-- Input data follows --

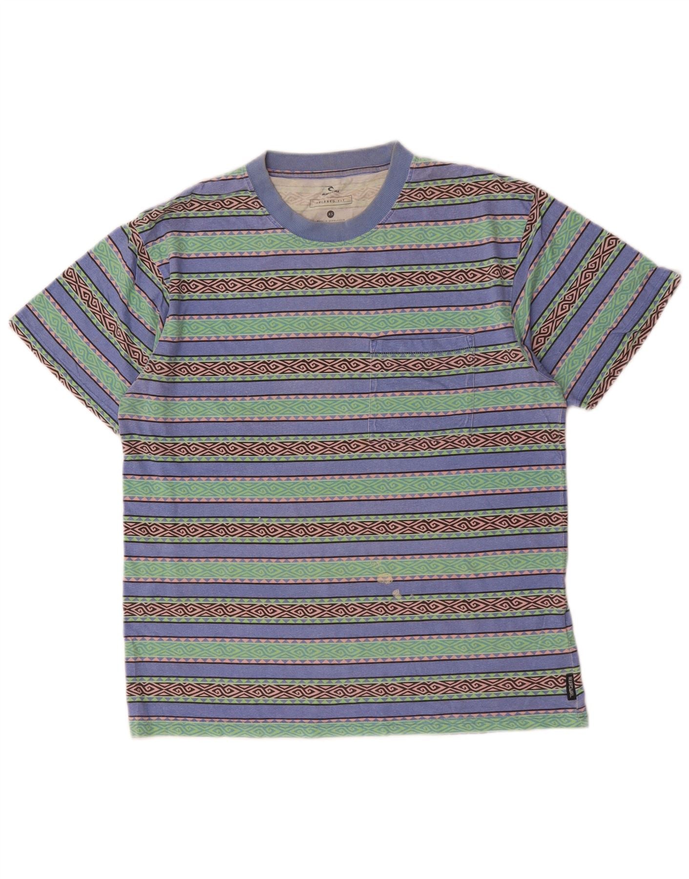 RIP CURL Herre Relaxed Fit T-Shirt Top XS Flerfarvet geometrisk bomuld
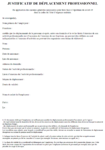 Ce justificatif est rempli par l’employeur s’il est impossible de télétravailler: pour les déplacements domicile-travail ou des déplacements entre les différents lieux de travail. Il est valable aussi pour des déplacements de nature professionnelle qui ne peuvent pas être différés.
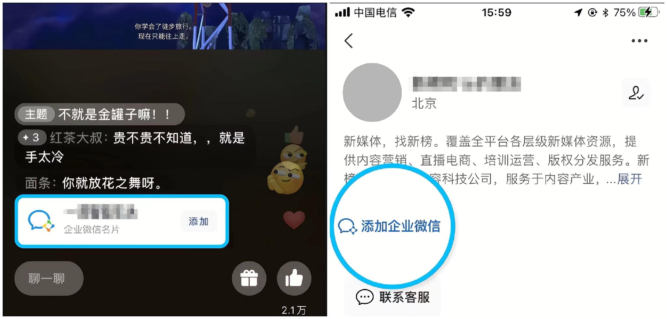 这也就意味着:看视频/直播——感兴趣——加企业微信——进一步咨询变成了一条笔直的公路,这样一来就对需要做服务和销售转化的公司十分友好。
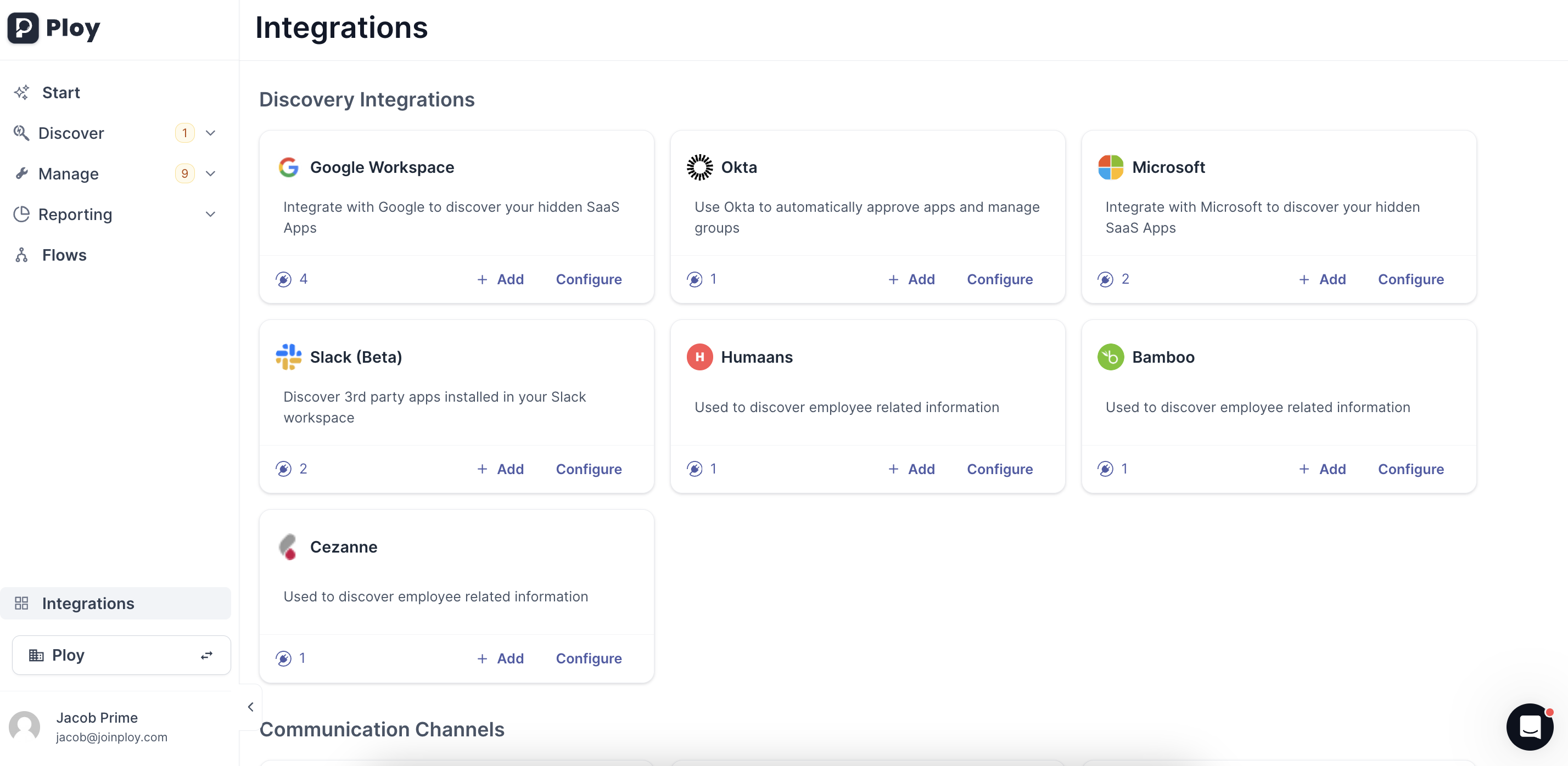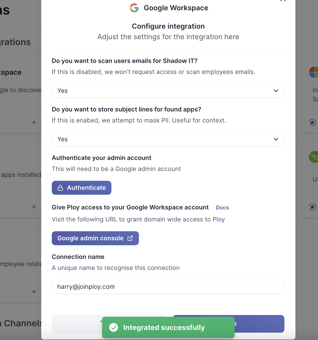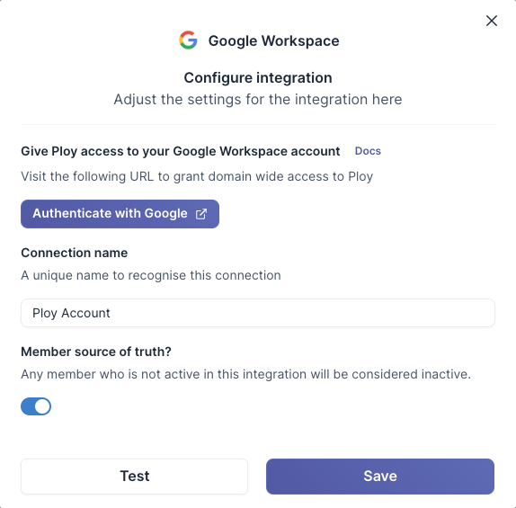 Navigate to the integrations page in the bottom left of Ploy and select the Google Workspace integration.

-- Input data concluded --

## Assigned task
Every line of the data should be transcribed exactly. Omit the images.

## Solution
 RIP CURL Herre Relaxed Fit T-Shirt Top XS Flerfarvet geometrisk bomuld
 Ce justificatif est rempli par l’employeur s’il est impossible de télétravailler: pour les déplacements domicile-travail ou des déplacements entre les différents lieux de travail. Il est valable aussi pour des déplacements de nature professionnelle qui ne peuvent pas être différés.
 这也就意味着:看视频/直播——感兴趣——加企业微信——进一步咨询变成了一条笔直的公路,这样一来就对需要做服务和销售转化的公司十分友好。
 Navigate to the integrations page in the bottom left of Ploy and select the Google Workspace integration.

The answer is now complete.